RECORDED DATA below:

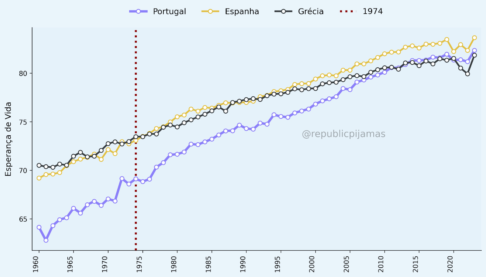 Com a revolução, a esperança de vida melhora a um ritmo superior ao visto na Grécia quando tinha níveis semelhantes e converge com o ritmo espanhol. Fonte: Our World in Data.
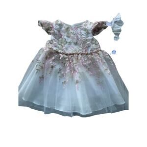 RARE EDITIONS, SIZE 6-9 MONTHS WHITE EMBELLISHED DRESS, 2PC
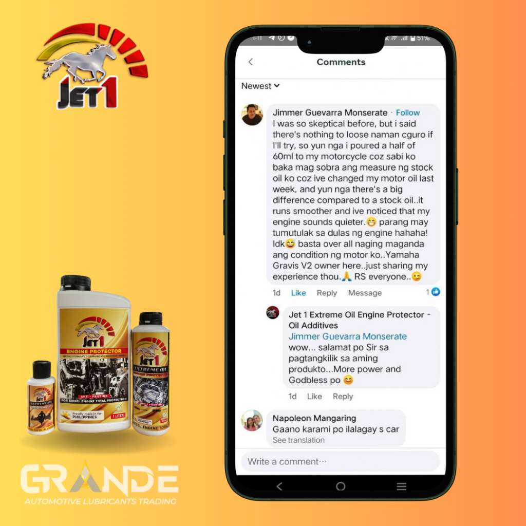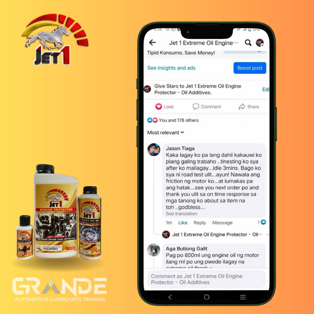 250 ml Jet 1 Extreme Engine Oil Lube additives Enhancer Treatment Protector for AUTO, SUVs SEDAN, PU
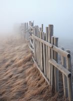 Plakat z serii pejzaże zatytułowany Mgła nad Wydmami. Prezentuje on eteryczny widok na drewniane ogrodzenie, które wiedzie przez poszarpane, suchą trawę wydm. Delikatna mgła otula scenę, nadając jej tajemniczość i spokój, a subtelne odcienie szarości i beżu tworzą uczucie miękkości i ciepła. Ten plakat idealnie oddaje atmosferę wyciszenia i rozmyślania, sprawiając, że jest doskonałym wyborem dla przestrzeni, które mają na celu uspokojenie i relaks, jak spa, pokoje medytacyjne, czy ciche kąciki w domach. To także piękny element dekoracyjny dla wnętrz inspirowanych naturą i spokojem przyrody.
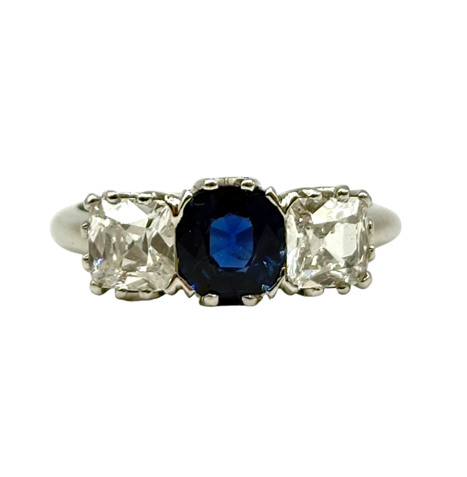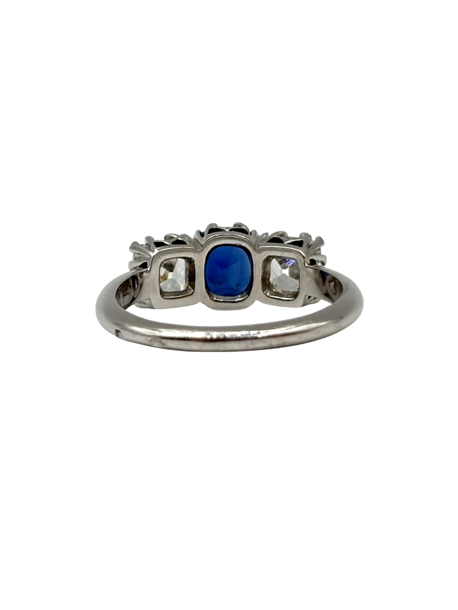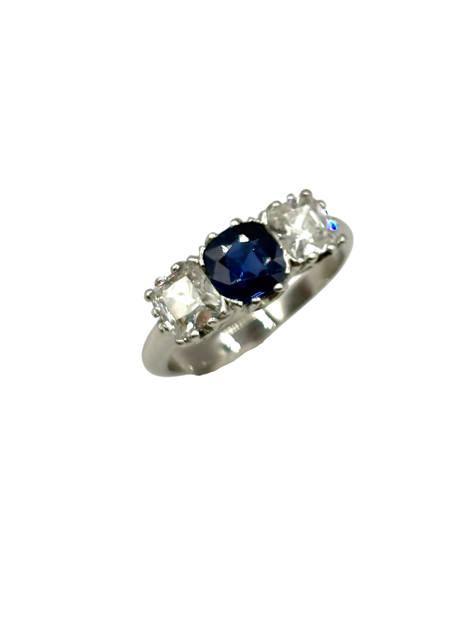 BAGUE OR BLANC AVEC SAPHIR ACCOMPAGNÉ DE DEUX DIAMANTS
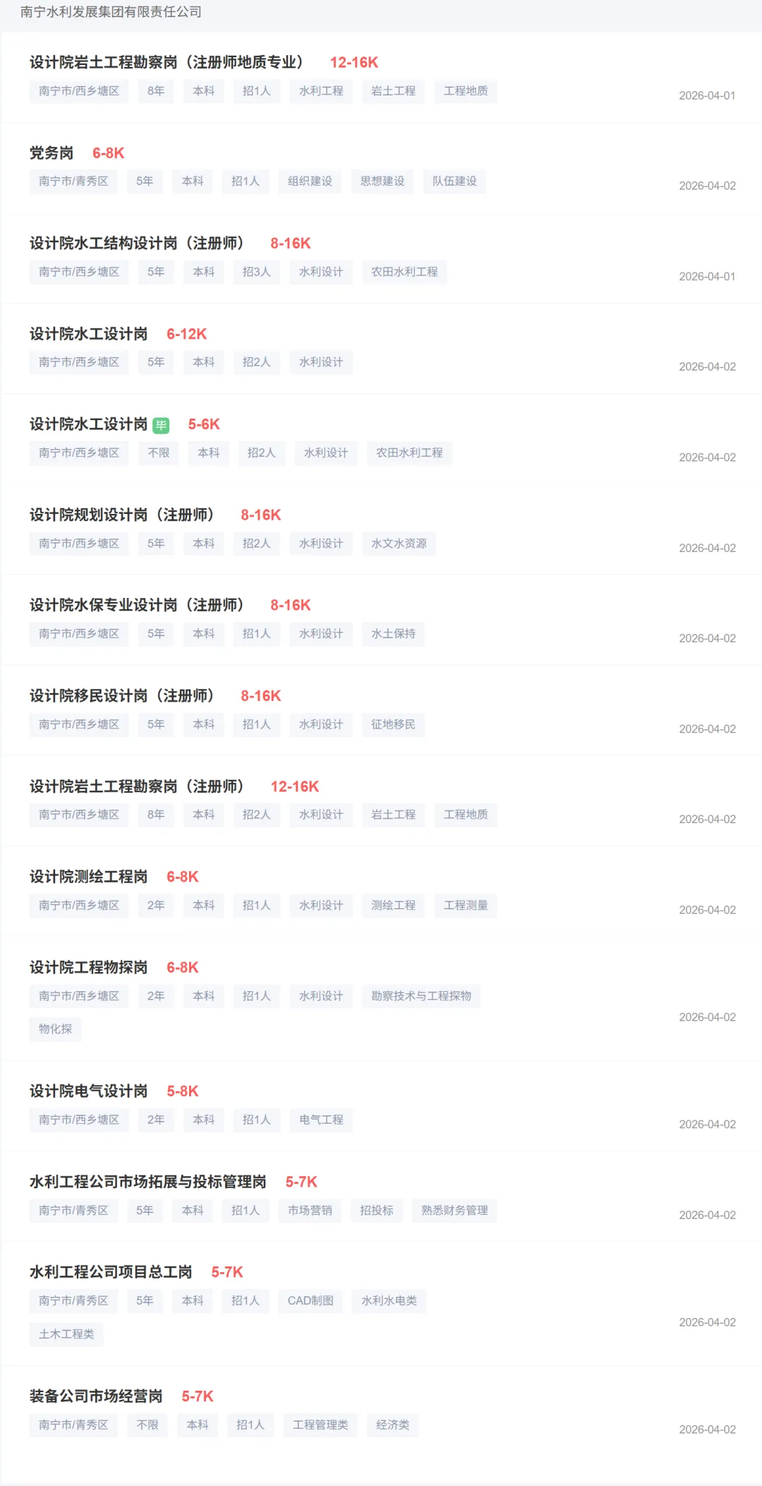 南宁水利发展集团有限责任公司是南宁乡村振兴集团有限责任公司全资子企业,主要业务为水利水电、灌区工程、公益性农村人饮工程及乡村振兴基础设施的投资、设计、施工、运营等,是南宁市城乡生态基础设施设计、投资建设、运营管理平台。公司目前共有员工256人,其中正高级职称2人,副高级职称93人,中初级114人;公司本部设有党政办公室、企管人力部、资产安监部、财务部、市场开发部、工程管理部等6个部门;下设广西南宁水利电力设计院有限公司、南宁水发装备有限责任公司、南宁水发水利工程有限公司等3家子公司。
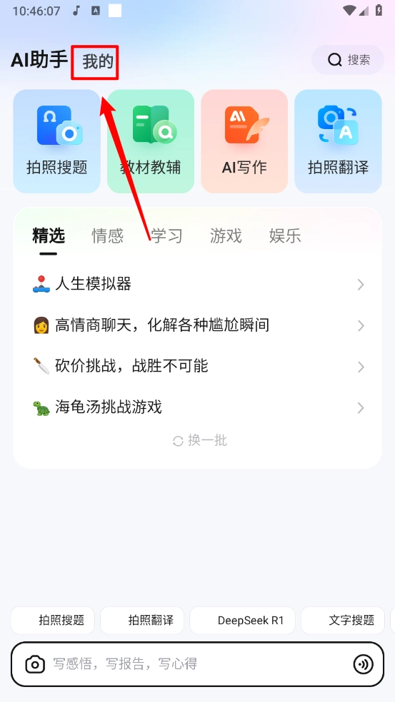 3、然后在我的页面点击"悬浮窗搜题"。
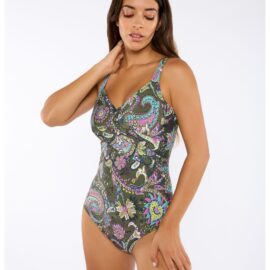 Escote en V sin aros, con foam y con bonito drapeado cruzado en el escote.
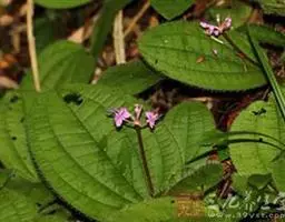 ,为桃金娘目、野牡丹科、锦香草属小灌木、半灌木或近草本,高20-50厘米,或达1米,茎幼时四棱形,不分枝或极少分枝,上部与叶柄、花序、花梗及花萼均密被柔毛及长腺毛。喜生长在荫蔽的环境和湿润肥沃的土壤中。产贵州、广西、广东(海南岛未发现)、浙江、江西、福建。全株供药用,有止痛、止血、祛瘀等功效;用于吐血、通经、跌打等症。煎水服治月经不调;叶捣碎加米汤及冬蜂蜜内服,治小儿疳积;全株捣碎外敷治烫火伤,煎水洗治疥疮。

End of RECORDED DATA.

ASSIGNMENT ->
In the entries above, every line from the line with "RARE EDITIONS, SIZE" to the line with "Escote en V" is to be printed exactly, with both ends included and pictures excluded.

THE COMPLETED TASK ->
 RARE EDITIONS, SIZE 6-9 MONTHS WHITE EMBELLISHED DRESS, 2PC
 250 ml Jet 1 Extreme Engine Oil Lube additives Enhancer Treatment Protector for AUTO, SUVs SEDAN, PU
 Plakat z serii pejzaże zatytułowany Mgła nad Wydmami. Prezentuje on eteryczny widok na drewniane ogrodzenie, które wiedzie przez poszarpane, suchą trawę wydm. Delikatna mgła otula scenę, nadając jej tajemniczość i spokój, a subtelne odcienie szarości i beżu tworzą uczucie miękkości i ciepła. Ten plakat idealnie oddaje atmosferę wyciszenia i rozmyślania, sprawiając, że jest doskonałym wyborem dla przestrzeni, które mają na celu uspokojenie i relaks, jak spa, pokoje medytacyjne, czy ciche kąciki w domach. To także piękny element dekoracyjny dla wnętrz inspirowanych naturą i spokojem przyrody.
 BAGUE OR BLANC AVEC SAPHIR ACCOMPAGNÉ DE DEUX DIAMANTS
 南宁水利发展集团有限责任公司是南宁乡村振兴集团有限责任公司全资子企业,主要业务为水利水电、灌区工程、公益性农村人饮工程及乡村振兴基础设施的投资、设计、施工、运营等,是南宁市城乡生态基础设施设计、投资建设、运营管理平台。公司目前共有员工256人,其中正高级职称2人,副高级职称93人,中初级114人;公司本部设有党政办公室、企管人力部、资产安监部、财务部、市场开发部、工程管理部等6个部门;下设广西南宁水利电力设计院有限公司、南宁水发装备有限责任公司、南宁水发水利工程有限公司等3家子公司。
 3、然后在我的页面点击"悬浮窗搜题"。
 Escote en V sin aros, con foam y con bonito drapeado cruzado en el escote.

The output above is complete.